もう少し具体的には,原子単位系は,静止電子質量 $\me$,換算プランク定数 $\hbar$,電気素量 $e$ をそれぞれ質量,作用,電荷の基準とする(すなわちこれらをすべて 1 単位とする)Hartree によって提唱された単位系です。さらに以下の式(\ref{Ehhartreedef})で表される $\Eh$ をエネルギーの基準としたものが Hartree 原子単位系であり,$\Eh$ は Bohr 半径 $a_0$ の距離を隔てた二つの電気素量に相当する電荷によるクーロンエネルギーで定義されます。これは,基底状態の水素原子において,電子と陽子の距離が Bohr 半径であるときのクーロンポテンシャルエネルギーに相当します。

$$\Eh = \frac{1}{4\pi\varepsilon_0}\frac{e^2}{a_0} \label{Ehhartreedef}$$

$\Eh$ に相当するエネルギーを $1\unit{hartree}$ と表します。他にも,エネルギーをリュードベリ $\mathrm{Ry}$ を単位とするリュードベリ原子単位系というものもありますが,ここでは詳細を割愛します。

式(\ref{Ehhartreedef})の右辺に各定数の SI 単位系(MKSA 単位系)での値を代入して,$1\unit{hartree}$ を MKSA 単位系に換算すると $4.359\times 10^{-18}\unit{J}$ となります。
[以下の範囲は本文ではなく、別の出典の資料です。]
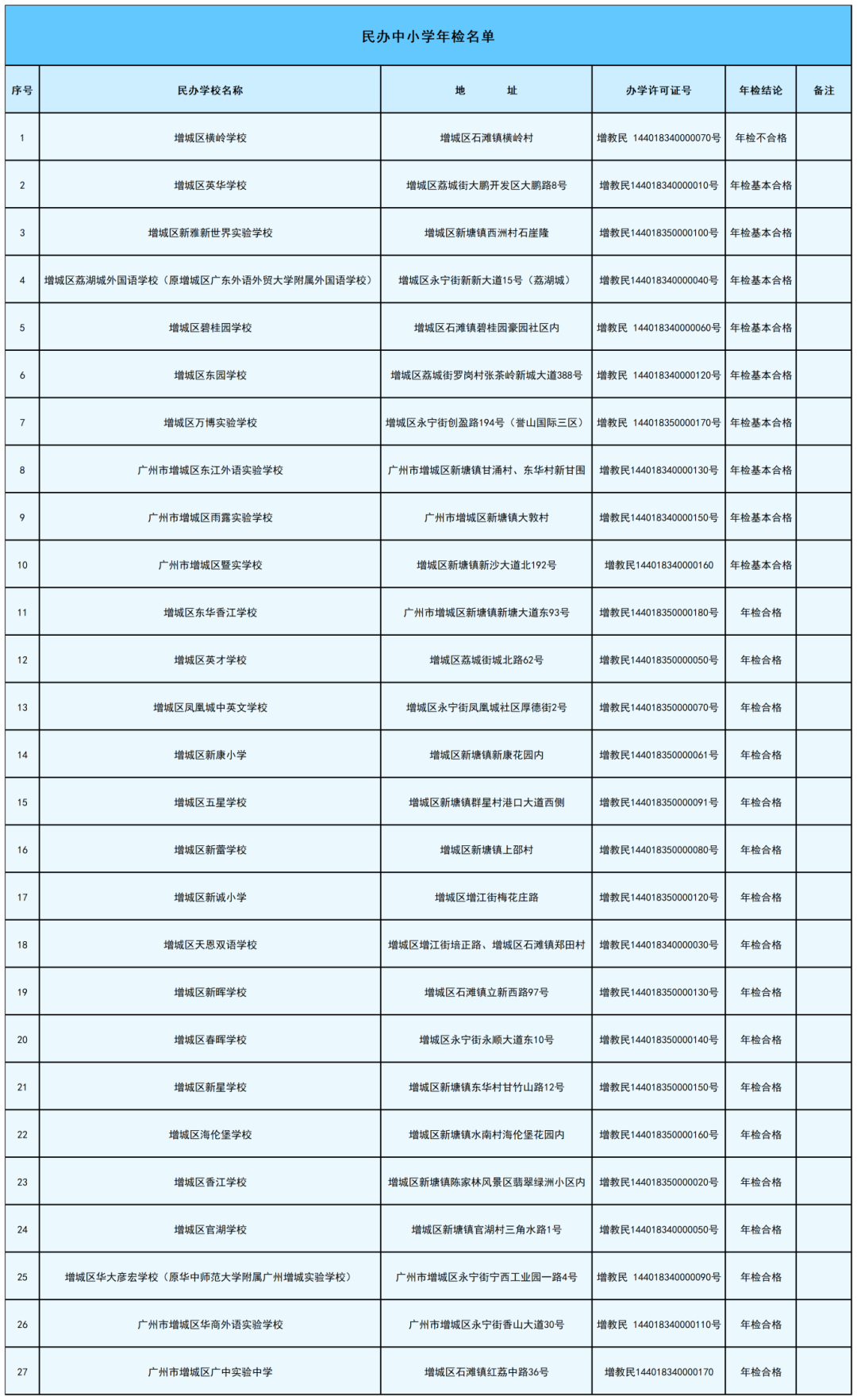 民办中小学方面,增城区横岭学校年检不合格;增城区英华学校、增城区新雅新世界实验学校、增城区荔湖城外国语学校、增城区碧桂园学校、增城区东园学校、增城区万博实验学校、增城区东江外语实验学校、增城区雨露实验学校、增城区暨实学校等9所年检基本合格;其余参加年检的民办中小学均合格。

また,原子単位系を採用する際には,これと併せて,Gauss 単位系を用いることが多く,Gauss 単位系は,MKSA 単位系において,$\frac{1}{4\pi\varepsilon_0}$ で表される比例係数を 1 とする単位系です。通常,Hartree 原子単位系(あるいは単に原子単位系)と言えば,Gauss 単位系を採用した Hartree 原子単位系を意味します

Bohr半径 $a_0$ は,Bohr の原子模型における,水素原子の第一軌道半径で定義され,Gauss 単位系では次式となります。

$$a_0 = \frac{\hbar^2}{\me\,e^2}$$

したがって,(Gauss 単位系を採用した)原子単位系における Bohr 半径は,やはり 1(正確には $1\unit{a_0}$ と書くべきでしょう)となります。$\Eh$ も $a_0$ も $\me$,$\hbar$,$e$ に従属しており,数値はすべて 1 であるので,結果として原子単位系ではこれらの五つのうちの任意の三つを 1 単位と定義する単位系であると言うこともできるわけです。あるいは四つを 1 単位と定義すれば,Gauss 単位系が自動的に組み込まれるという言い方をしてもよいかもしれません。
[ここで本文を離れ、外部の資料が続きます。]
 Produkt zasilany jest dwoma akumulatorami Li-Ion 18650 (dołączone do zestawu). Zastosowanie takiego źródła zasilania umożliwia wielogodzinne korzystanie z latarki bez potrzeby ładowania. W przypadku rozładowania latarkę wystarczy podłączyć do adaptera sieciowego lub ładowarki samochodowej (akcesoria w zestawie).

原子単位系では,数値の後ろに基本となる物理定数を記すことで,どの物理量について述べているかを表します。例えば,質量であれば $1.0\,[\me]$ などと書きます。一方,物理量に関わらず,すべて atomic units の頭文字をとって $\mathrm{a.u.}$ あるいは $\mathrm{au}$ で表すという流儀もあります。例えば,原子単位系での Bohr 半径は $1\unit{au}$ となるわけですが,この場合,$\mathrm{au}$ が長さを表しているということは文脈から判断するか,あるいは明記する必要があるため,この流儀はときどき書物でも見かけますが,IUPAC では非推奨とされています。
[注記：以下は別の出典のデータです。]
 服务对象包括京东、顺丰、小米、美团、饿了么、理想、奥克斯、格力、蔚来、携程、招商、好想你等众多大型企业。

原子や分子を理論的に扱う際にわざわざ原子単位系を用いる利点は何でしょうか。

化学や物理を学習すると,いろいろな種類の単位に出会います。しかも,同じ物理量であるのに,複数の異なる単位が用意されていることがあり,初学者が見ると,面倒だなと感じて,科学に苦手意識を持つ原因となってしまうこともあるのではないでしょうか。例えば,長さを表す単位のひとつにメートル「$\mathrm{m}$」がありますが,化学の教科書には,SI 単位である $\mathrm{m}$ にナノ「$\mathrm{n} = 10^{-9}$」,ピコ「$\mathrm{p} = 10^{-12}$」のような桁を表す接頭語がついたナノメートル「$\mathrm{nm}$」,ピコメートル「$\mathrm{pm}$」といった単位の他に,オングストローム「Å」という,SI 単位とは別の長さの単位が登場することもあります。

もちろん,これは化学に限ったことではなく,宇宙の話をするのであれば,地球からの距離を表す長さの単位として「光年」を用いますし,船乗りは距離を表すのに「海里」,飛行機の高度を表すには「フィート」を使うというのはよく知られています。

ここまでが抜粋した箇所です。